What you are asked to do: Extract every entry word for word. Skip the pictures.

>>>

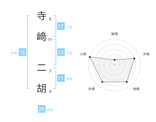 寺﨑 二胡さんを姓名の画数から五運を鑑定
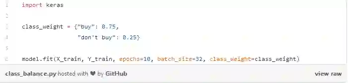 我们创建了一本字典,基本上说我们的「购买」类应该占了损失函数重量的 75%,因为更重要的是「不购买」类,我们相应地设置为 25%。当然,这些值可以很容易地进行调整,以找到应用场景中的最佳设置。如果其中一个类的样本明显多于另一个类,我们也可以使用这种方法进行平衡。我们可以尝试使用权重平衡法来使所有的类都对我们的损失函数产生一样大的影响,而不必花费时间和资源去收集更多的少数类实例。
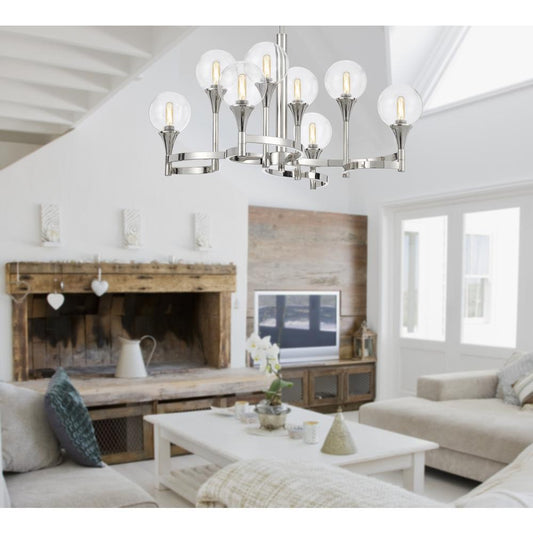 15W X 8 Milbank Metal Chandelier And Clear Roun... 15W X 8 Milbank Metal Chandelier And Clear Round Glass Shades By Cal Lighting
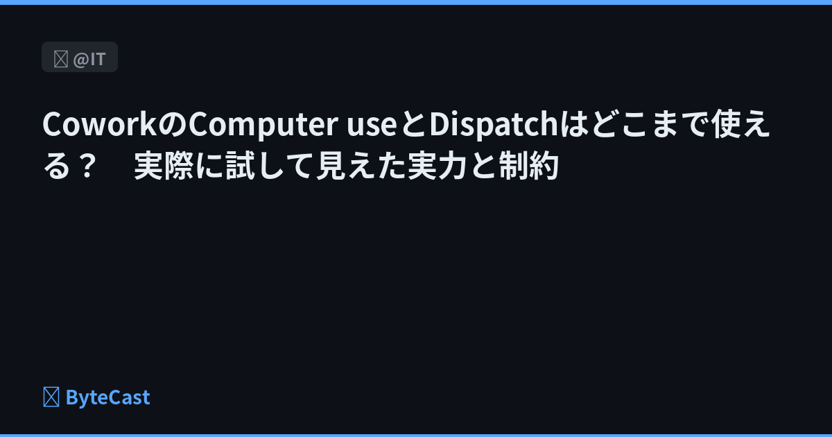 Claude CoworkとClaude Codeで新たにサポートされたComputer useとDispatch。これらはどんな機能で何に使えるのでしょうか。特にComputer useを使えば、これまでよりもはるかに多くのことができそうですが、ホントにそうなのでしょうか。
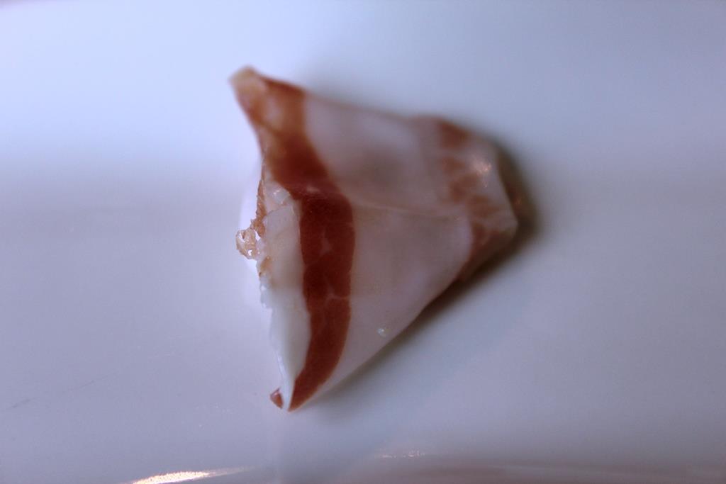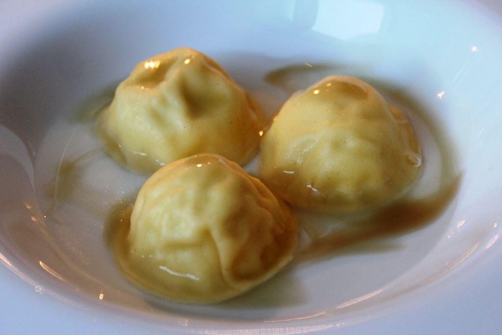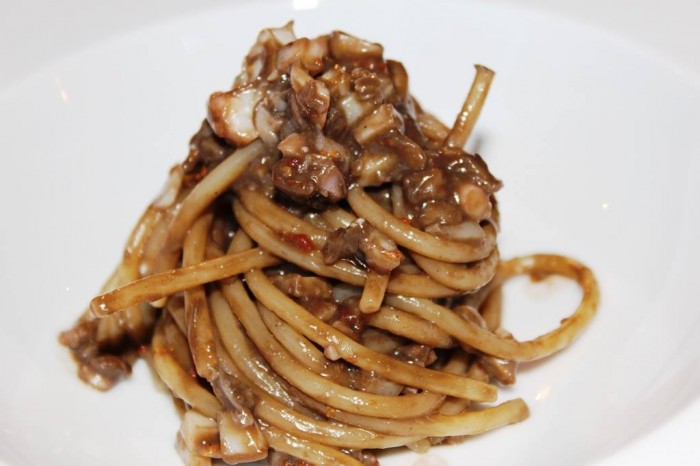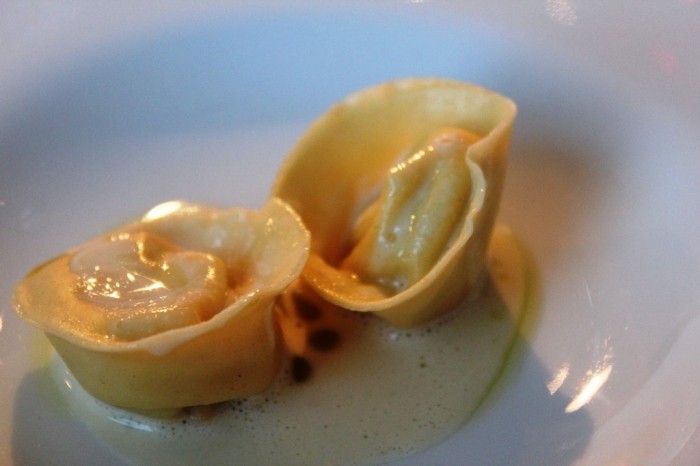 La pasta è sottile, tirata come una corda, tenace, racchiude il piccolo tesoro di baccalà, un ristretto di baccalà ed un olio evo molto profumato completano la preparazione. Grande equilibrio e piacevolezza in una semplicità solo apparente.

<<<

Solution to the problem:
 寺﨑 二胡さんを姓名の画数から五運を鑑定
 我们创建了一本字典,基本上说我们的「购买」类应该占了损失函数重量的 75%,因为更重要的是「不购买」类,我们相应地设置为 25%。当然,这些值可以很容易地进行调整,以找到应用场景中的最佳设置。如果其中一个类的样本明显多于另一个类,我们也可以使用这种方法进行平衡。我们可以尝试使用权重平衡法来使所有的类都对我们的损失函数产生一样大的影响,而不必花费时间和资源去收集更多的少数类实例。
 15W X 8 Milbank Metal Chandelier And Clear Roun... 15W X 8 Milbank Metal Chandelier And Clear Round Glass Shades By Cal Lighting
 Claude CoworkとClaude Codeで新たにサポートされたComputer useとDispatch。これらはどんな機能で何に使えるのでしょうか。特にComputer useを使えば、これまでよりもはるかに多くのことができそうですが、ホントにそうなのでしょうか。
 La pasta è sottile, tirata come una corda, tenace, racchiude il piccolo tesoro di baccalà, un ristretto di baccalà ed un olio evo molto profumato completano la preparazione. Grande equilibrio e piacevolezza in una semplicità solo apparente.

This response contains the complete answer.